An Observation Error Model for River Discharge Observed at Gauging Stations

Data assimilation (DA) makes the best combination of model simulation results and observed, or measured, values. Ensemble methods are a form of DA that generates multiple equally good, or equally calibrated, models using a description of model and observation uncertainty. Uncertainty is lack of knowledge. The collection of equally good, in the presence of uncertainty, models is an ensemble of models. An observation error model provides the means to describe the amount of uncertainty in model simulation results and in observed values as part of assimilation. Model-related uncertainty comes from model representation limitations created by differences between what the model represents, or simulates, and by what is measured to make an observation. Observation uncertainty comes from observation error. When an observed value is calculated or estimated, rather than measured, additional uncertainty is generated by the estimation procedure.

An observation error model is developed and presented for river discharge observations made at a stream gauging station using a measured water depth value with a derived rating curve to calculate discharge from observed water depth. A rating curve is a poor hydrodynamics model. Consequently, large estimation errors are expected for river discharge calculated using a rating curve, which generates correspondingly large amounts of observation uncertainty for assimilation. Uncertainty is propagated through DA to the spread, or variability, of model outcomes provided by the ensemble of models. When assimilating simulation results and data with significant uncertainty, the goal of assimilation is to optimize the bias-variance tradeoff and thus the spread of ensemble outcomes. Optimizing this tradeoff involves limiting the amount of uncertainty as much as possible to make informed decisions while including sufficient uncertainty to avoid overfitting.
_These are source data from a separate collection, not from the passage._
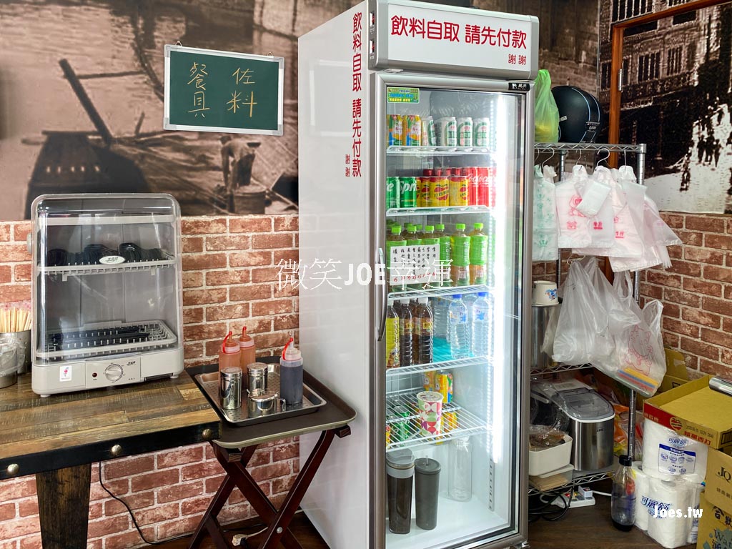 臨近櫃台處還有飲料餐具與佐料,飲品區價格都有標明從15元的水至40元的台啤都有(未成年請勿飲酒)。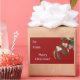 Photographie d'un bourgeon de mistletoe avec des baies sur un arrière - plan de canneberge. Tout le texte personnalisable.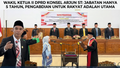 BIKASMEDIA.COM, KONAWE SELATAN – Dewan Perwakilan Rakyat Daerah (DPRD) Kabupaten Konawe Selatan (Konsel) menggelar Rapat Paripurna istimewa dalam rangka Pengucapan Sumpah/Janji Pengganti Antar Waktu (PAW) Wakil Ketua I DPRD Konsel, Senin (06/04/2026).
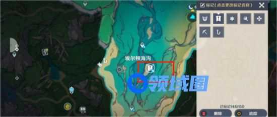 3、第三个钥匙在埃尔顿海沟的的水中,四周分布海露花。

The risk from overfitting is production of biased model outcomes and spurious decision support.

AI-ML Accounting for Uncertain Water Resources Data Sets

Artificial intelligence (AI) is the effort to automate intellectual tasks normally performed by humans, and it includes machine learning (ML) and deep learning (DL) approaches. AI-ML is based on statistical learning, which tries to learn statistics-based rules for data analyses from known examples of inputs and corresponding outcomes. Data sets that are noisy, include significant uncertainty, and have extreme values hinder statistical learning. ML and DL aquifer recharge predictors are developed to: (1) examine prediction skill when trained using noisy and uncertain data and (2) identify advantages of AI-ML relative to traditional physics- and process-based calculations. Recharge was selected as the learning outcome because it is not observed and is inherently uncertain. A common-sense baseline is developed and implemented to account for uncertainty and noise in AI-ML predictions. The baseline provides a lower goodness-of-fit threshold that identifies when trained AI-ML generates prediction skill and an upper goodness-of-fit threshold above which the AI-ML is learning to reproduce noise and bias in the training data set (and is likely overfitting). Identified advantages for AI-ML (relative to physics- or process-based calculations) are the ability to use dimensionless trends for features and to represent a complex scenario with the same level of effort as for a simple case.